Appellante bestrijdt in hoger beroep met name de medische grondslag van het bestreden besluit. Zij is van mening dat de rechtbank er ten onrechte van uit is gegaan dat het medisch en arbeidskundig onderzoek zorgvuldig is. Appellante stelt dat onvoldoende rekening is gehouden met haar psychische en lichamelijke klachten. Ter onderbouwing van dit standpunt heeft appellante medische informatie ingezonden. Voorts stelt appellante dat de voor haar geschikt geachte functies textielproduktenmaker, machinebediende inpak en/of wikkelaar en samensteller elektronische apparatuur niet passend zijn, omdat zij medicijnen slikt die de rijvaardigheid beïnvloeden.
3.2.
Het Uwv heeft de Raad verzocht de aangevallen uitspraak te bevestigen.
4. De Raad oordeelt als volgt.
4.1.
De rechtbank heeft met juistheid geoordeeld dat het medisch onderzoek van de verzekeringsartsen voldoende volledig en zorgvuldig is geweest. De verzekeringsarts heeft het dossier bestudeerd en appellante gezien op het spreekuur waar hij haar lichamelijk en psychisch heeft onderzocht. Naar aanleiding van zijn bevindingen heeft hij beperkingen aangenomen ten aanzien van fysieke en mentale belasting, de fysieke werkomgeving en het arbeidspatroon. Deze beperkingen zijn neergelegd in een Functionele Mogelijkheden Lijst (FML). De verzekeringsarts bezwaar en beroep heeft dossierstudie verricht en appellante onderzocht.
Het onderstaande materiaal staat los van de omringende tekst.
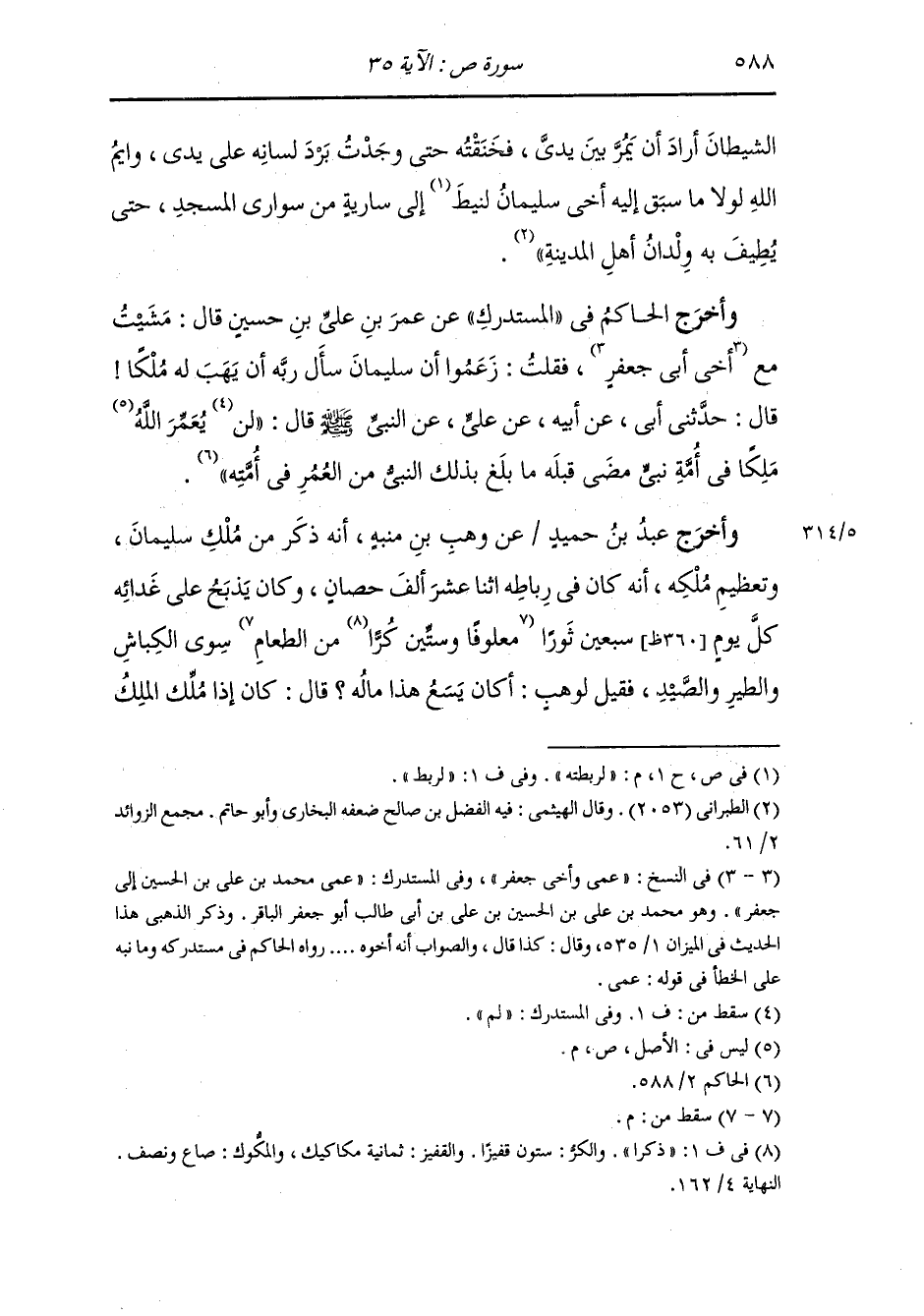 الشيطان أراد أن يمر بين يدي فخنقته حتى وجدت برد لسانه على يدي ، وأيم الله لولا ما سبق إليه أخي سليمان لربطته إلى سارية من سواري المسجد حتى به ولدان أهل المدينة.

Bij zijn beoordeling heeft deze arts tevens de door hem verkregen informatie van de huisarts betrokken. De verzekeringsarts bezwaar en beroep heeft na heroverweging geconcludeerd dat verdergaande beperkingen ten aanzien van de lichamelijke en psychische belastbaarheid niet aan de orde zijn en dat er volgens de Standaard verminderde arbeidsduur geen indicatie is voor een urenbeperking.
4.2.
De door appellante in hoger beroep toegezonden aanvullende stukken geven geen aanleiding het oordeel van de rechtbank onjuist te achten. De verzekeringsarts bezwaar en beroep heeft in reactie op deze stukken opgemerkt de medicijnen die appellante gebruikt slechts een tijdelijk effect geven op de rijvaardigheid, zodat een beperking op het besturen van voertuigen niet aan de orde is. Verder heeft deze arts terecht te kennen gegeven dat de ingediende stukken geen aanleiding geven om het eerder ingenomen standpunt te wijzigen, omdat de stukken deels reeds bij de beoordeling zijn betrokken en deels niet zien op de gezondheidstoestand van appellante ten tijde hier in geding.
4.3.
Uitgaande van de juistheid van de vastgestelde belastbaarheid van appellante, zoals neergelegd in de FML, zijn de door de arbeidsdeskundige aan de schatting ten grondslag gelegde functies in medisch opzicht passend. Van belang is, gelet op appellantes stelling dat de functies niet passend zijn omdat zij medicijnen slikt die de rijvaardigheid beïnvloeden, dat in deze functies blijkens de functiebeschrijvingen het beroepsmatig besturen van voertuigen niet voor komt.
4.4.
Gelet op de overwegingen 4.1 tot en met 4.3 slaagt het hoger beroep niet en dient de aangevallen uitspraak te worden bevestigd.
5. Er bestaat geen aanleiding voor een proceskostenveroordeling.

BESLISSING

De Centrale Raad van Beroep bevestigt de aangevallen uitspraak.
Deze uitspraak is gedaan door D.J. van der Vos, in tegenwoordigheid van S. Aaliouli als griffier. De beslissing is uitgesproken in het openbaar op 16 februari 2014.